Wir sind alle Weicheier im Vergleich zu Johnny Cash
Johnny Cash hatte aber auch seine persönliche Not im Schatten des Glanzes seines Ruhms. Er ging dabei fast zugrunde, bevor ihn seine spätere (zweite) Ehefrau June Carter (aus der berühmten Carter-Family) aus dem Drogensumpf hervorzog. Sie schrieb für ihn "Ring of Fire", gab ihm die Religion, Willensstärke, Frieden und jede Menge Liebe. Die beiden - Johnny Cash und June Carter Cash - waren, so stelle ich's mir vor, das perfekte Ehepaar. Ohne den anderen ging nichts, und als June Carter Cash im Februar 2003 starb, waren auch die Tage von Johnny Cash sehr rasch gezählt. Ohne diesen liebevollen Rückhalt ging er leider noch schneller dem Ende zu.
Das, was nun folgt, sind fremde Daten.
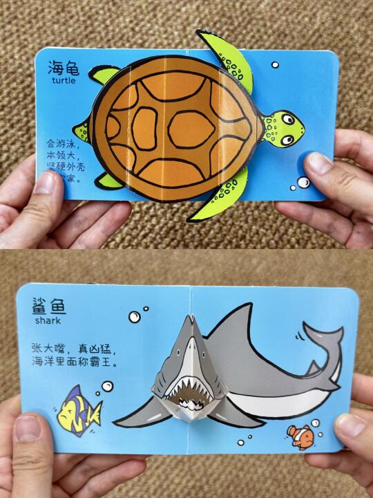 巴掌大的立体书,好逼真!!好立体!! 鲨鱼会张嘴、狗狗会跑、海龟会游泳…… 一套包含了:水果、蔬菜、鸟类、海洋动物、餐食等,内容超级贴近生活 每次宝宝都看的很专注 自己乖乖的看书,出门也要带上! 慢慢培养宝宝热爱阅读的好习惯吧

Sein Lebenslicht erlosch am 12. September 2003. Ich weiß gar nicht mehr so recht, wann ich zum ersten Mal auf Johnny Cash aufmerksam wurde, vermutlich irgendwann in den 1980ern als die Columbo-Serie mit Johnny Cash als Mörder im TV gezeigt wurde. Sein "I Saw The Light" war jedenfalls eine ziemlich erhellende Angelegenheit für mich und in einem Aufwasch lernte ich dabei die Musik von Johnny Cash und Hank Williams kennen, spürte deren Songs auf, kaufte mir von beiden, was ich ergattern konnte - und, ja, das zog natürlich seine Kreise, aber Johnny Cash mit dieser dunklen, monotonen Stimme und dieser unheimlichen Ausdruckskraft, ja, das war für mich seither schon so ziemlich das Größte. Dass Johnny Cash nicht mehr unter den Lebenden weilt ist traurig, aber der Trost für uns, die um ihn trauern, ist seine Musik, die bleibt.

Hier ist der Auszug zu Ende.